RNF128, also known as gene related to energy in lymphocytes (GRAIL), is a member of the RING ___domain-containing E3 ligases and has been shown to have important functions in both innate immunity and adaptive T cell responses, thus influencing various physiological or pathological processes, such as inflammation, tumor and infection [9,10,11,12]. Several studies suggest that there is a link between RNF128 and IBDs. RNF128 was downregulated in peripheral blood CD4 + T cells while upregulated in the intestinal lamina propria in CD patients. Intravenous injection of RNF128-overexpressing T cells significantly alleviated the severity of colitis in a mouse model [13]. In UC patients, RNF128 expression was elevated during remission and associated with clinical improvement following treatment [14]. A recent study reported that RNF128 deficiency in intestinal epithelial cells promoted colitis and colorectal tumorigenesis by activating IL-6-STAT3 signaling [15]. However, the roles as well as the mechanism of macrophage RNF128 in IBD are still unexplored.

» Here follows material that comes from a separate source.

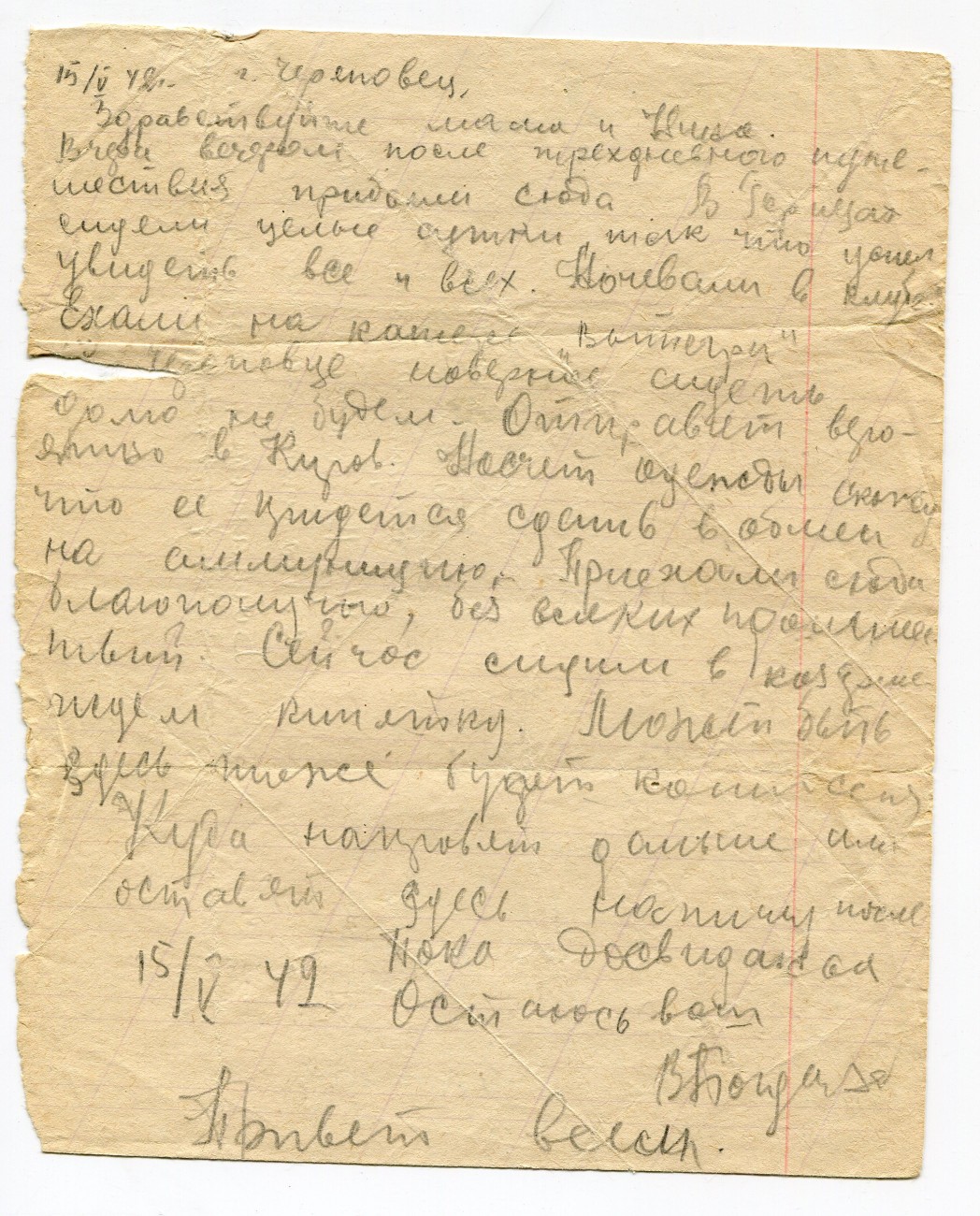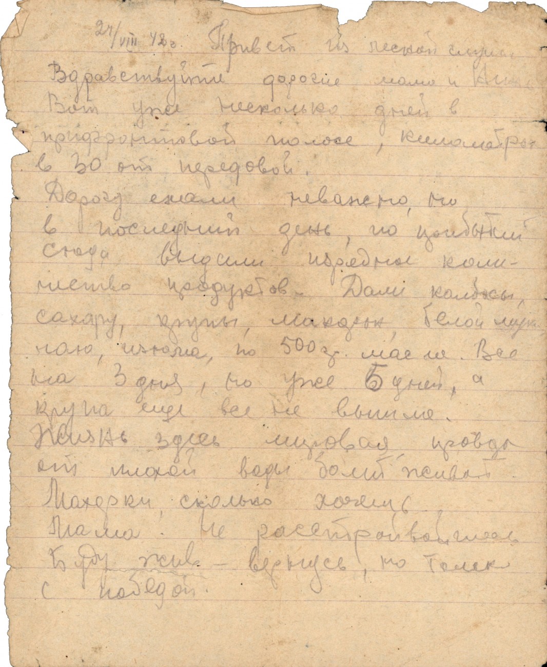 Письмо В.А. Богданова родным. 15.08.1942

In this study, we found that RNF128 was downregulated in proinflammatory macrophages. The decreased expression of RNF128 in macrophages was responsible for the exacerbation of IBD. Mechanistically, RNF128 facilitated the K63-linked ubiquitination of S100A8 at its lysine 36, which is recognized by the cargo receptor Tollip and leads to selective autophagic degradation of S100A8. Neutralizing antibodies against S100A8 significantly alleviated the exacerbation of colitis in DSS-treated Rnf128−/− mice. In summary, our study reveals the functional roles and mechanisms of macrophage RNF128 in IBD progression, which may provide novel targets and approaches for IBD treatment.
Materials and methods
Antibodies and reagents
The antibodies and reagents used in this study are listed in Table S1.
Cell culture and transfection
HEK293T and THP-1 cells were purchased from American Type Culture Collection (ATCC). HEK293T cells were cultured in DMEM supplemented with 10% FBS, and THP-1 cells in RPMI-1640 supplemented with 10% FBS. THP-1 cells were treated with 100 ng/ml PMA for 24 h to differentiate into macrophages.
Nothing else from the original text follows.